3. Die „offene Wunde“ (Entzündete Augenoberfläche)

Wenn Augen chronisch trocken sind (Sicca-Syndrom), entstehen oft mikroskopisch kleine Verletzungen oder Entzündungen auf der Horn- und Bindehaut.

  • Das Problem: Die Nervenenden liegen dadurch quasi „blank“. Sobald eine Flüssigkeit darauf trifft – egal wie gut sie ist – reagieren die gereizten Nerven mit einem Schmerzsignal. Das ist vergleichbar mit dem Auftragen von Feuchtigkeitscreme auf eine sehr rissige, trockene Hautpartie.
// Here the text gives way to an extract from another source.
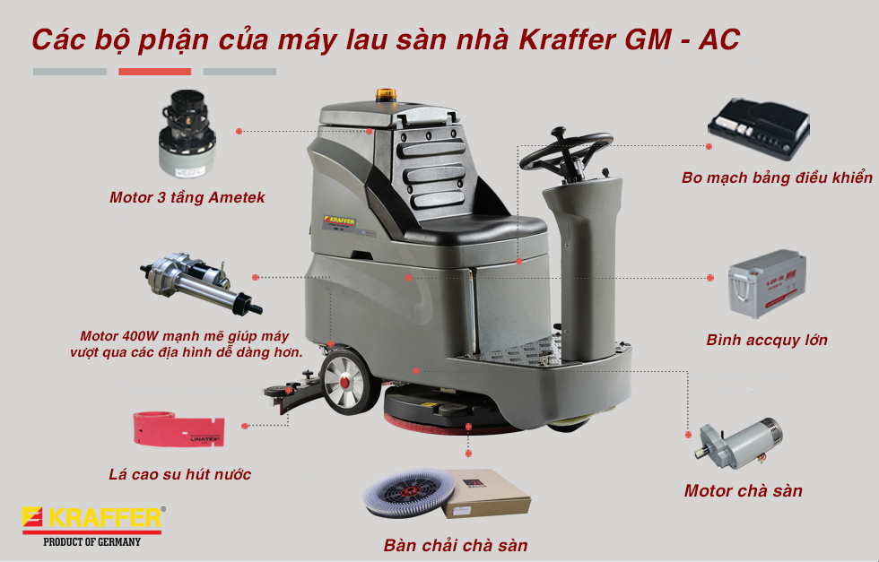* Đặc điểm về máy chà sàn nhà Kraffer GM-AC:

4. Unverträglichkeit gegenüber Inhaltsstoffen

Künstliche Tränen enthalten Polymere oder Filmbildner (wie Hyaluronsäure, Carbomer oder Povidon), die das Auge feucht halten sollen.
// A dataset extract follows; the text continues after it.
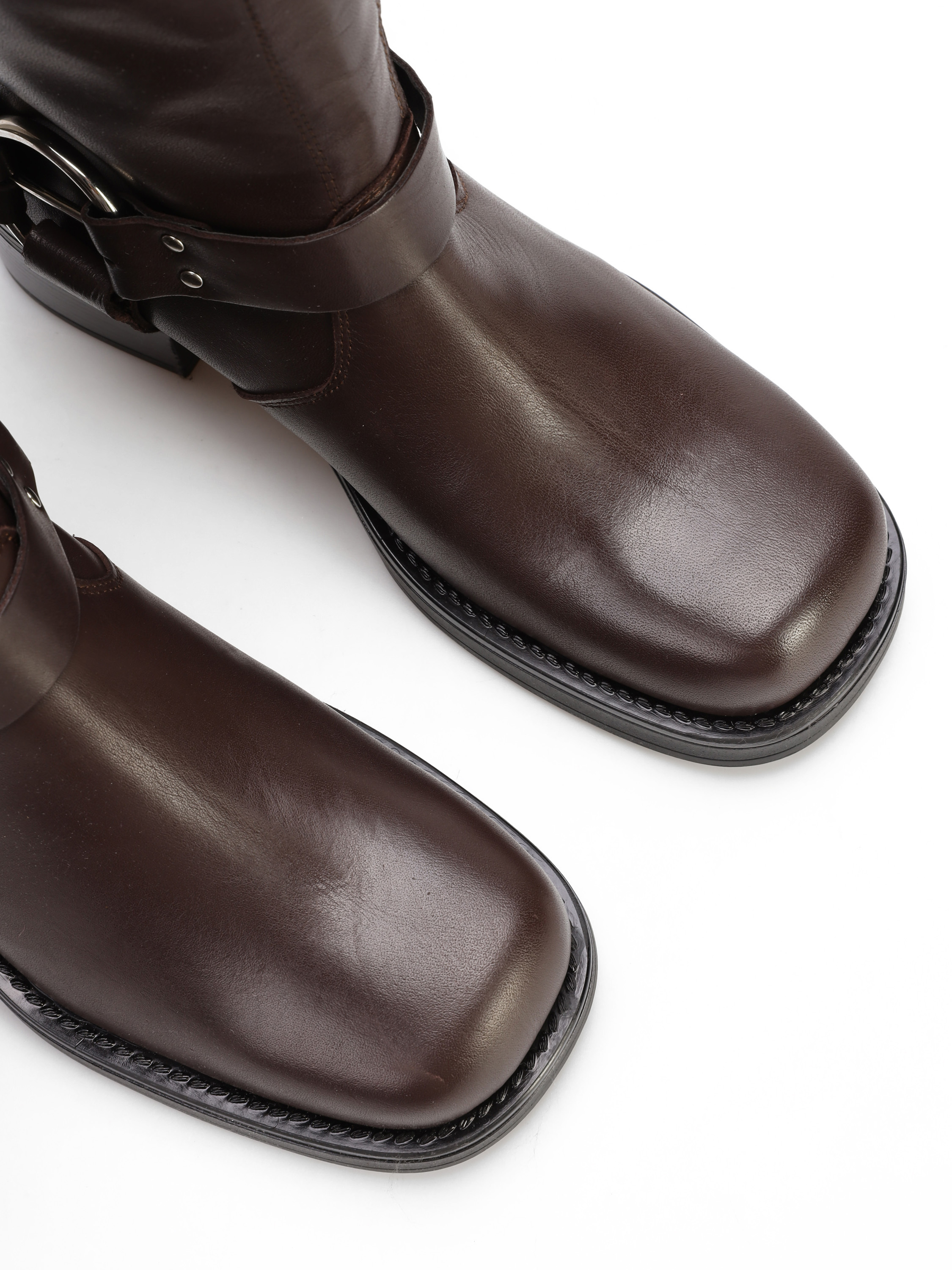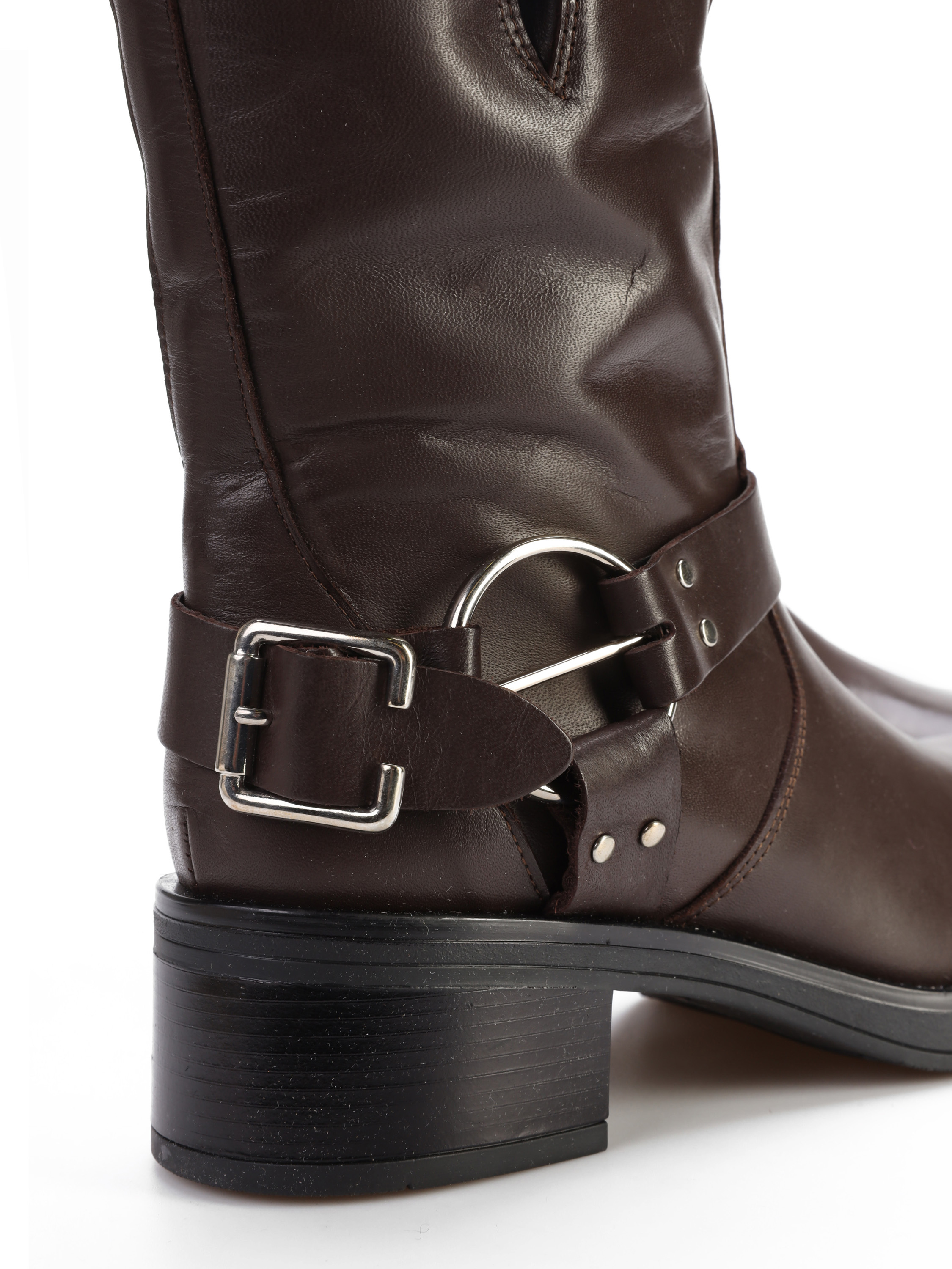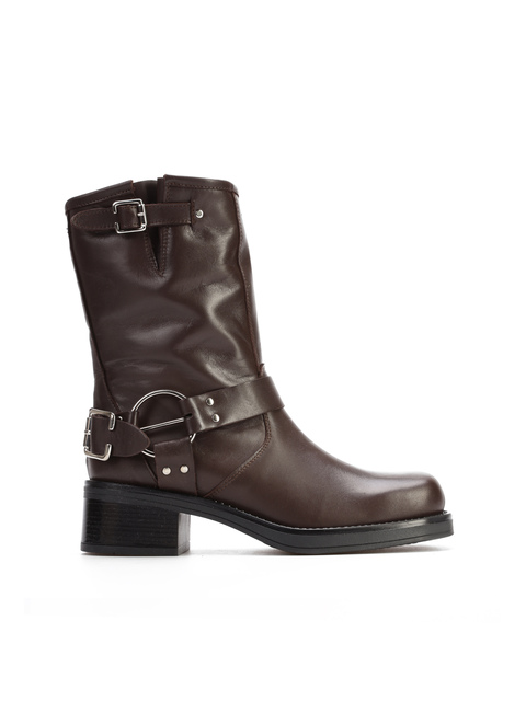 Wsuwane botki na słupku wykonane z naturalnej, włoskiej skóry. Klasyczny fason w czekoladowym kolorze posiada skórzany pasek wykończony srebrną klamrą. Model z kwadratowym noskiem i wystającą poza obrys buta podeszwą.

  • Das Problem: Man kann gegen jeden dieser Stoffe eine individuelle Unverträglichkeit oder sogar eine leichte Allergie entwickeln. Wenn das Brennen nicht nach wenigen Sekunden nachlässt, sondern anhält oder das Auge rötet, liegt oft eine Unverträglichkeit vor.
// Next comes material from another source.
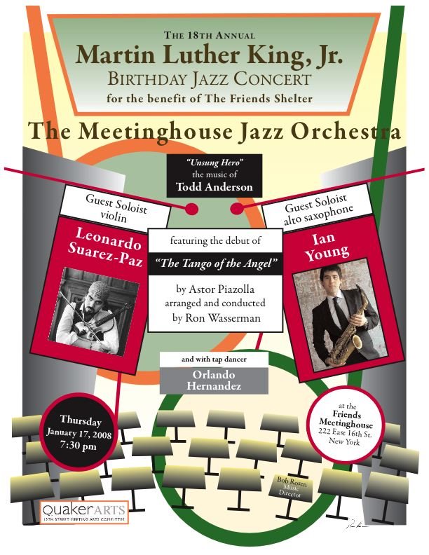 | Thursday January 17th 7:30pm | 18TH ANNUAL MARTIN LUTHER KING BIRTHDAY JAZZ CONCERT by the MEETING HOUSE JAZZ ORCHESTRA @ The Friends Meeting House |

5. Viskosität (Zähflüssigkeit)

Gele oder sehr dickflüssige Tropfen bleiben länger am Auge, können aber beim ersten Kontakt ein Fremdkörpergefühl oder ein kurzes Brennen verursachen, bis sie sich durch das Blinzeln gleichmäßig verteilt haben.

Was kann man tun?

  1. Konservierungsmittelfreie Produkte wählen: Dies löst das Problem in den meisten Fällen.
  2. Wirkstoff wechseln: Wenn Tropfen mit Hyaluronsäure brennen, helfen vielleicht Produkte mit Hypromellose oder Lipiden.
  3. Temperatur: Manche empfinden es als angenehmer, die Tropfen bei Zimmertemperatur zu verwenden, andere bevorzugen sie kühl (aus dem Kühlschrank) wegen des lindernden Effekts.
  4. Augenarzt aufsuchen: Wenn das Brennen jedes Mal stark ist oder die Augen dauerhaft gerötet sind, sollte ein Arzt klären, ob eine Entzündung der Lidkante oder eine schwere Benetzungsstörung vorliegt, die eine spezielle Therapie benötigt.

Kurz gesagt: Meistens brennen die Augen direkt nach dem Tropfen, weil das Auge bereits gereizt ist oder die Inhaltsstoffe (vor allem Konservierungsmittel) die empfindliche Oberfläche kurzzeitig stressen.